Regardless of whether one reads the relationship between Huston and Beutel as sexual or not, it’s undeniable that the real “love triangle” here is between these men (who take an instant liking to one another, for no discernable reason) and Mitchell. In his review, however, Peary simply points out that “after a while there’s too much male talk and not enough about Russell”, adding that it’s “hard to believe” the “very pretty, buxom, teenage girl in the tight, revealing dresses” is “the same actress who’d confidently sing, dance, and be funny with Marilyn Monroe ten years later in Gentlemen Prefer Blondes (1953).”

The film itself, unfortunately, is a tonally inconsistent chore to sit through. Peary writes that the “comedy and music are intrusive”, but this is an understatement: Victor Young’s score is atrociously inappropriate for the melodramatic material, which doesn’t work as a comedy. Meanwhile, the film is at least half an hour too long, and Hughes didn’t know how to elicit strong performance from his leads. While the reasons for Beutel’s limited career are contested, it seems clear to me that he was more of a pretty face than a talented actor; as noted previously, it’s challenging to understand why Huston feels such loyalty for him.

Redeeming Qualities and Moments:

  • Gregg Toland’s cinematography

Must See?
No, though film fanatics will be curious to give it a once-through given its historical notoriety.


One thought on “Outlaw, The (1943)

  1. First viewing – not must-see.

    For years, I had made the assumption that this wasn’t much of a film, and didn’t go out of my way to see it. (It seems to always be on YouTube, one way or the other, but still I passed it by.)

    Now that I’ve actually seen it… well, as it turns out, I don’t think it’s much of a film but I was surprised that it’s more or less watchable and even occasionally engaging. Once I noticed that the screenplay was by the pro Jules Furthman (who is credited with ‘To Have and Have Not’, ‘The Big Sleep’ and – one of my faves – ‘Nightmare Alley’ right after this), I allowed myself a little hope that it wouldn’t be a snooze. (It seems Furthman also often jumped in to direct near the end of filming.)

    Probably the worst that it is is sluggish all too often. (And I agree that it’s about a half-hour too long.) But even if Beutel’s performance leaves a fair amount to be desired, Huston and Mitchell are working hard-enough to give the film some bounce.
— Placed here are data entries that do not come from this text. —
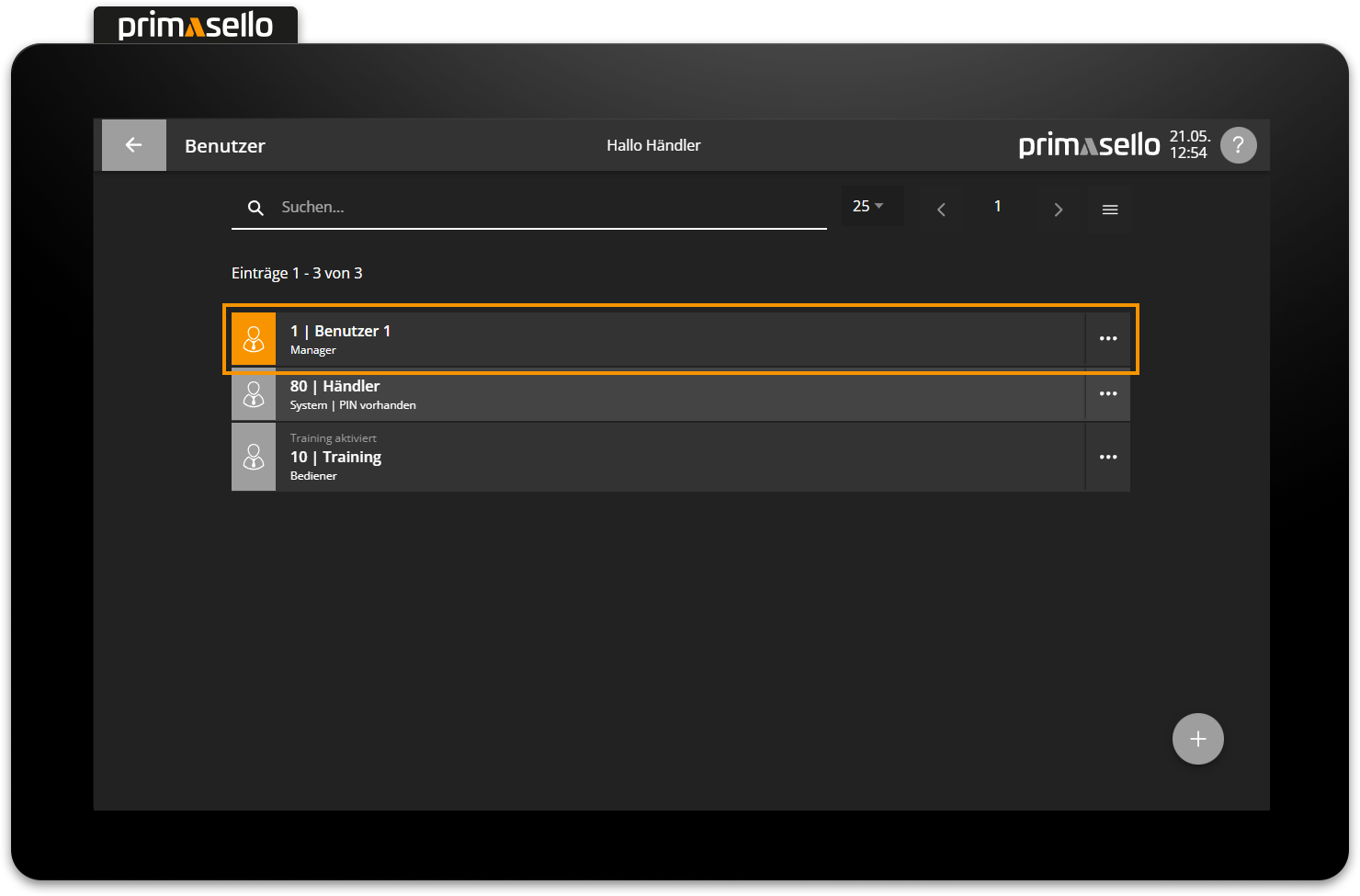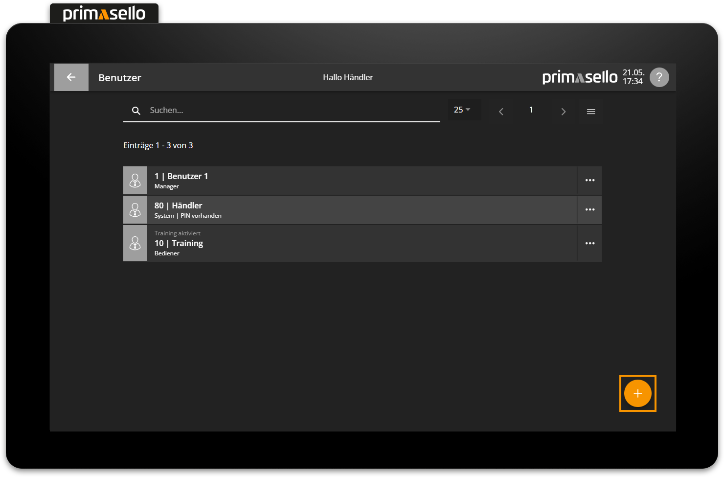 In der Listenansicht der Benutzer, kann auf die orange "Plus"-Taste am rechten unteren Bildschirmrand gedrückt werden, um einen neuen Benutzer zu erstellen.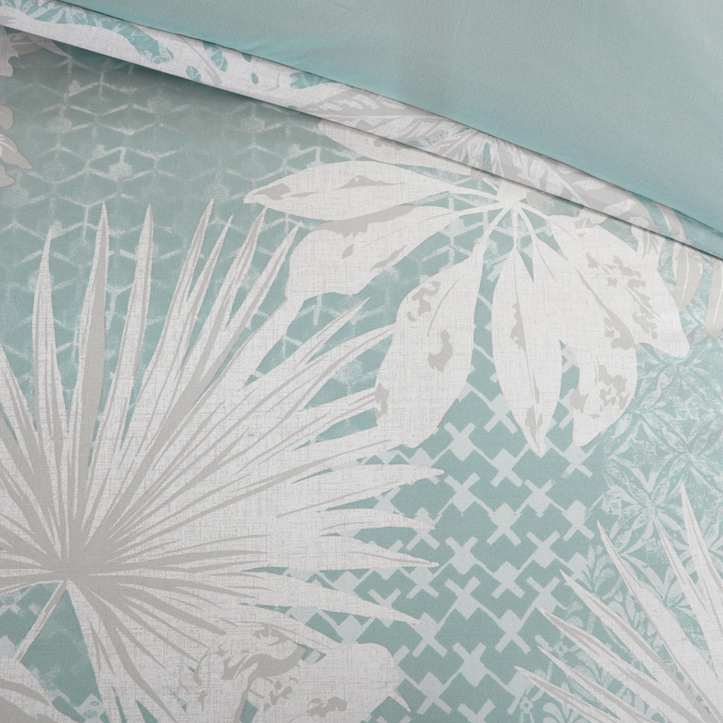 Transform your bedroom into a peaceful oasis with the Harbor House Palm Grove 6 Piece Comforter Set. A refreshing coastal pattern of lush palm leaves and ferns are elegantly showcased on a seafoam ground. The same coastal motif is reiterated on the oblong pillow using textured embroidery, while the square pillow features a colored palm tree on a soft, ivory ground. The solid coordinating bedskirt completes the look and provides a clean finish. Machine washable, this set includes 1 comforter, 1 bedskirt, 2 shams, and 2 decorative pillows. This bedding set is also OEKO-TEX certified, meaning it does not contain any harmful substances or chemicals, ensuring quality comfort and wellness.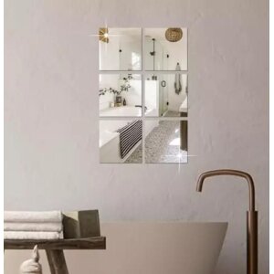4 Big Square Silver 3D Acrylic Mirror Wall Sticker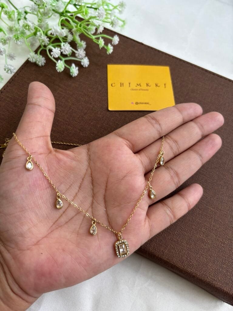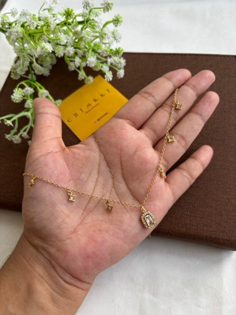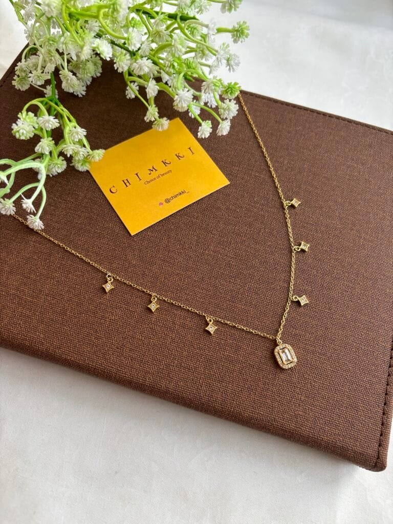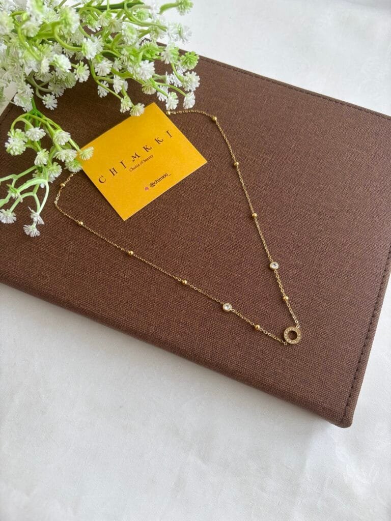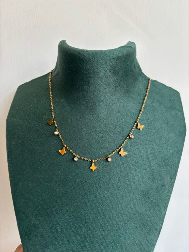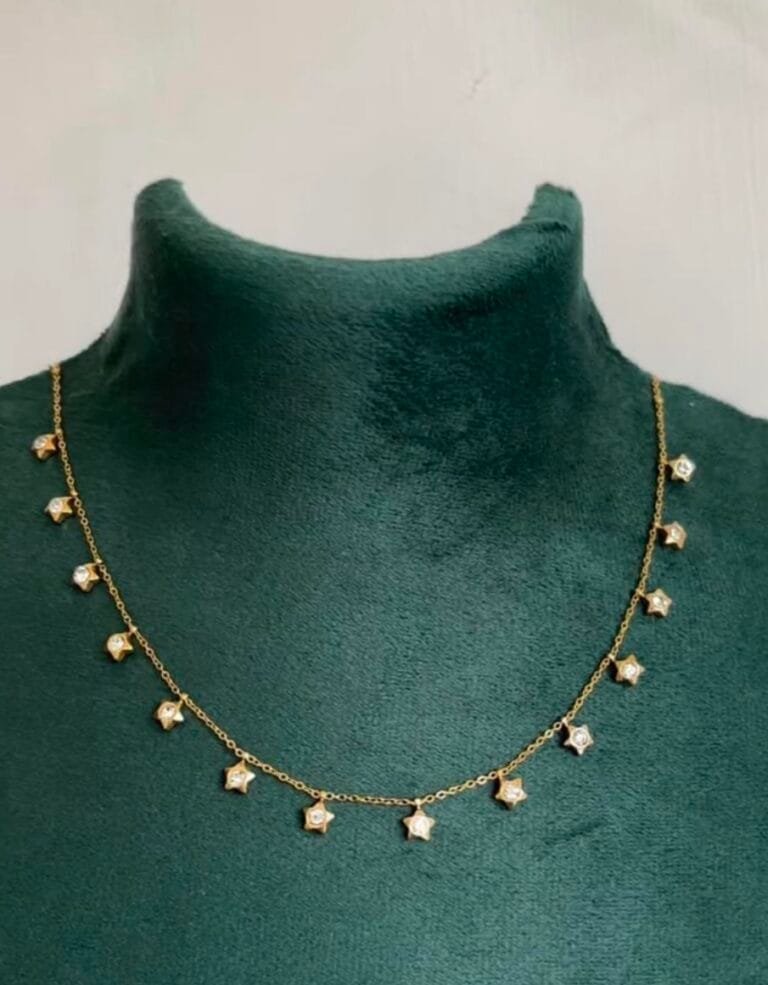 Stainless steel Double layer Green stone Golden Necklace✨1232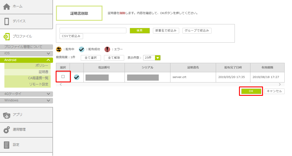 3.証明書を削除したいデバイスを選択し、「OK」ボタンをクリックします。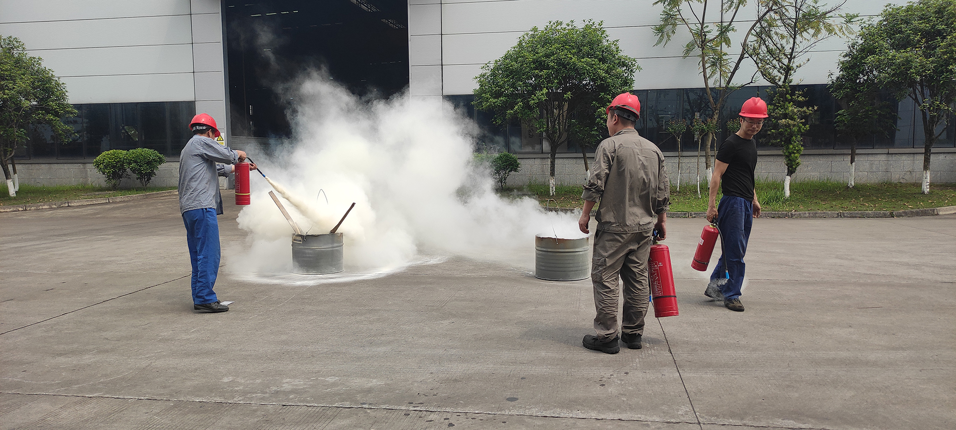 下午進行第二階段學習,由消防培訓公司講解消防安全知識并組織進行消防器材使用的演練。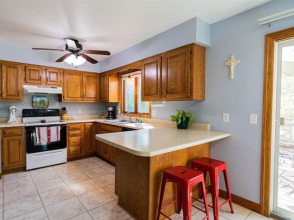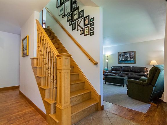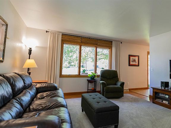 Light and bright--this welcoming 1 1/2 story walk-out home features 4 bedrooms, 2.5 baths and 3 garages. Large kitchen features lots of cabinets, breakfast bar and appliances remain. Recently remodeled main floor bath features in-floor heat, marble counter & custom vanity. Main floor offers 6-panel oak doors, trim and new staircase. Large master bedroom on main floor. Two 15x19 bedrooms upstairs in addition to a half bath. LL family room is being used as a workshop & all items will be removed. Deck w/steps leads to level backyard. Swingset is negotiable. Newer central air and water heater. The 2-car detached garage is heated. Great location, walking distance to park. Set up an appointment today to see all that this home has to offer.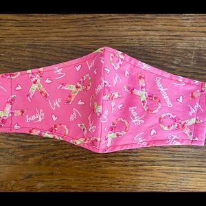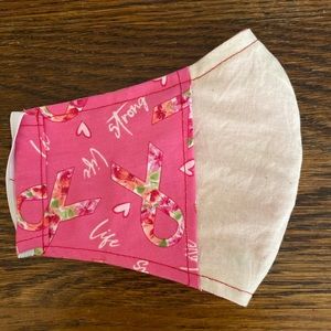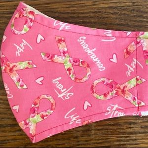 Pretty pink mask with colorful pink ribbon and words of encouragement print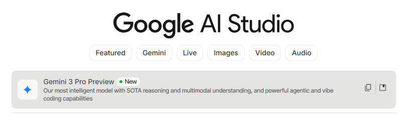 方法二:從 Google AI Studio 進入,選擇「Gemini 3 Pro preview」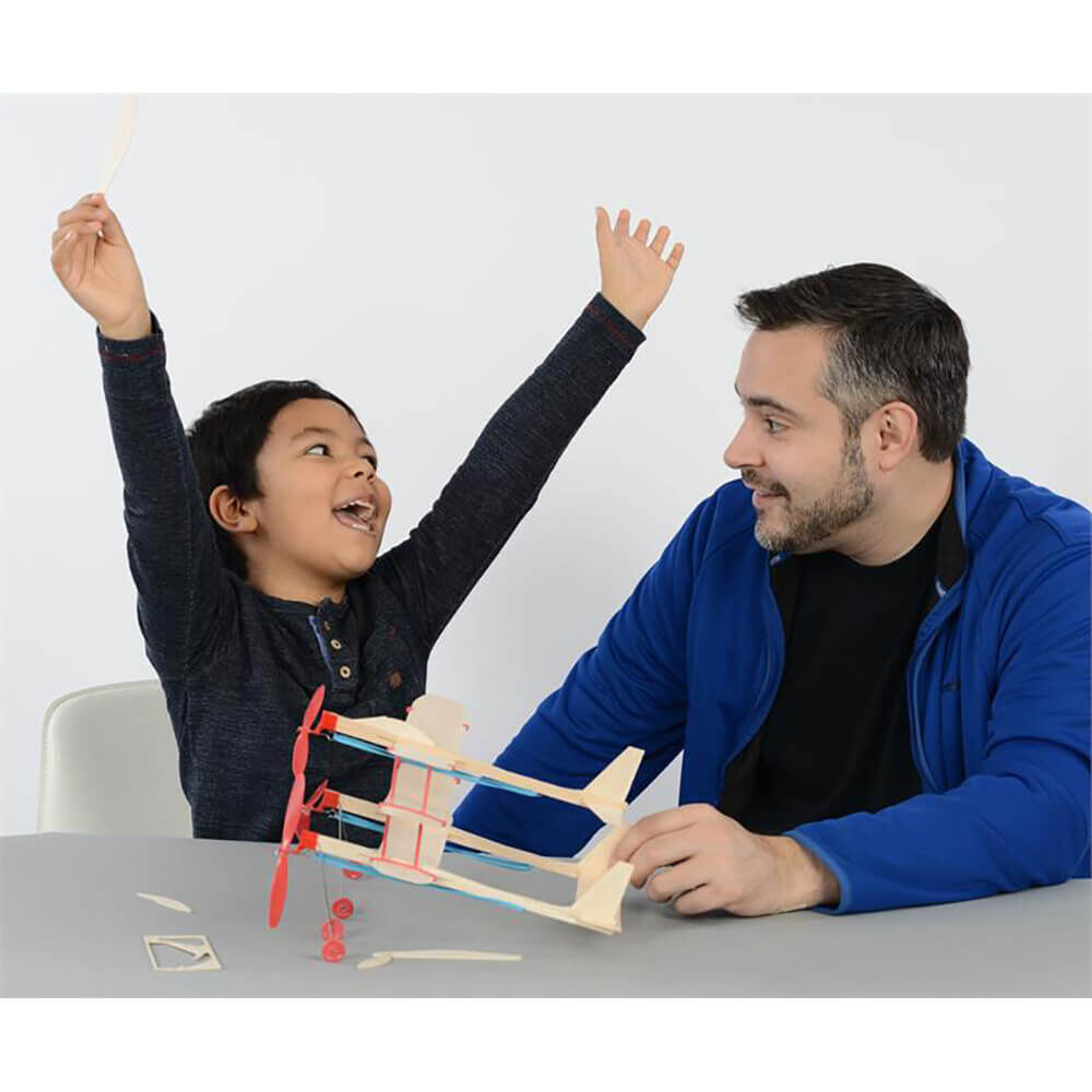 The Design Studio allows young aviators to build and fly planes out of their imagination. With over 35 parts (balsa wood wings, rudders, propellers, rubberband motors, wheels, etc), contained in a travel case so that you can design and fly from anywhere! Design it! Build it! Fly it!

And I don’t think Russell is all that bad – considering the limits of her role. I think she even throws in some nice under-playing once in awhile.

    According to Wikipedia, Howard Hawks was the original director and did do some of this – and that makes some sense. (It may also explain why Huston and Mitchell agreed to be in it in the first place. Hughes had to take over when Hawks abandoned the project.)

    But it would have been nice if someone had pulled in the reins on Young’s too-often over-bearing score – yikes! When he isn’t offering either something oppressively dramatic or oppressively ‘romantic’, he augments with orchestral zaniness that’s more appropriate for cartoons (or maybe Young actually thought it was appropriate for some of the goofier ‘guy stuff’, but it’s still weird).

    Personally, I don’t see much evidence of DP Gregg Toland having been called on to do much that reveals his strengths as a world-class cinematographer. (He apparently suddenly replaced Lucien Ballard.)

    As for the homoerotic aspect… yes, I suppose it’s either there to some degree or it could be interpreted as being there. Though another reading could be that Holliday admires The Kid for his enviable youth as well as his notorious nature. He may see something of his younger self in ‘the young buck’. (Without more genuine talent on Beutel’s part, it’s a little harder to say.) At any rate – I’m gay, and I wasn’t seeing all that much in terms of real sexual attraction – or related jealousy on Mitchell’s part.